A man with a stone spear-point in his right hip is currently the subject of an ugly court battle in Portland, Oregon.
The case is not about assault or murder -- this man died 9,000 years ago. The argument is about who he was, where he came from, and where he's going.
The human remains known as Kennewick Man are named for the town in eastern Washington State where he was found in 1996. Two speedboat racing fans stumbled across his skull on the banks of the Columbia River while watching a race. They reported the skull to police, who found more bones nearby. The local coroner and an anthropologist were called in to help solve the mystery of the bones' past.

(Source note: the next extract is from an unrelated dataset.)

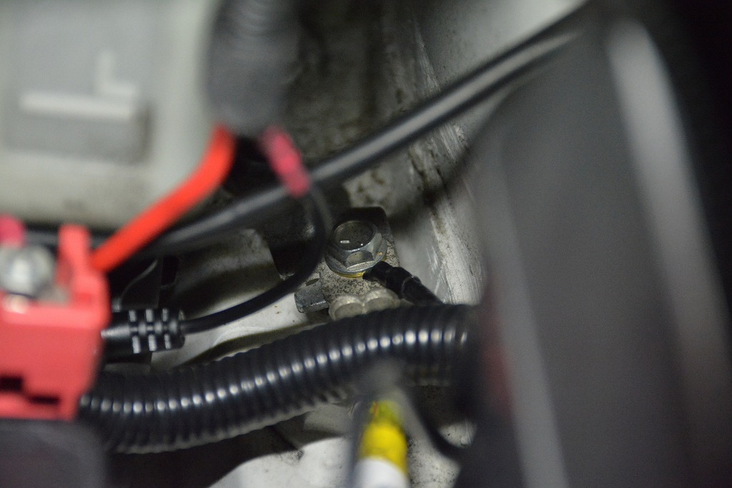 今回は、リザーブタンクの下側に位置する、既存のボディアースを使用しました。

The anthropologist examined the site where the remains were found. He studied the height, skull shape and jaw of the skeleton. His first guess was that the skeleton belonged to a pioneer from the 1800s who died in his 40s or 50s.
But another scientist said the spear-point in the hip looked older -- at least 5,000 years older. Then a scientific laboratory using a carbon dating test put the bones at 9,000 years old. That test set off a legal battle about who owned the remains.
Who owns the bones?
The Army Corps of Engineers, an agency of the U.S. government, was in charge of the site where the bones were found. The Corps decided that the remains should be turned over to the region's American Indian tribes in accordance with a 1990 federal law on Native American rights.
They argued that anyone living in America 9,000 years ago (way before Christopher Columbus) counts as Native American. The Umatilla, Nez Perce, Yakama, Colville and Wanapum tribes all claimed Kennewick Man as an ancestor and said they planned to rebury the bones.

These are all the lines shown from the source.